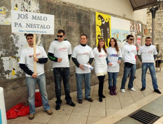 U Marmontovoj je ulici u središtu Splita pod nazivom "Još malo, pa nestalo - STOP rasprodaji RH" održan performans splitske podružnice Hrvatske stranke prava dr.
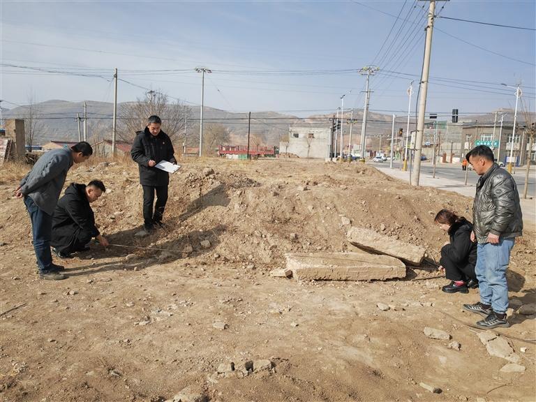 兴隆法庭法官与当事人在纠纷现场拉尺测算。
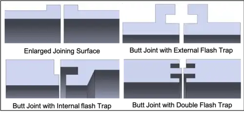 • Butt Joint Flash Trap (External) - This type of joint hides flash on the outside surface and is generally used to reduce noise in surrounding areas.
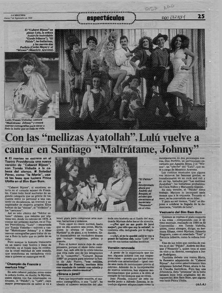 Con las "mellizas Ayatollah", Lulú vuelve a cantar en Santiago "Maltrátame, Johnny" [artículo] A. L. A.
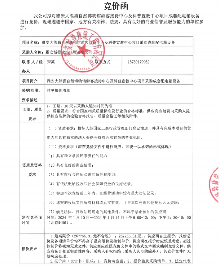 雅安大熊貓自然博物館游客接待中心及科普宣教中心項目成套配電箱設(shè)備競價公告
◇ ◇ ◇ ◇ ◇
> About this task: The response should repeat each record precisely and contain no pictures.

> Your solution:
 U Marmontovoj je ulici u središtu Splita pod nazivom "Još malo, pa nestalo - STOP rasprodaji RH" održan performans splitske podružnice Hrvatske stranke prava dr.
 兴隆法庭法官与当事人在纠纷现场拉尺测算。
 • Butt Joint Flash Trap (External) - This type of joint hides flash on the outside surface and is generally used to reduce noise in surrounding areas.
 Con las "mellizas Ayatollah", Lulú vuelve a cantar en Santiago "Maltrátame, Johnny" [artículo] A. L. A.
 雅安大熊貓自然博物館游客接待中心及科普宣教中心項目成套配電箱設(shè)備競價公告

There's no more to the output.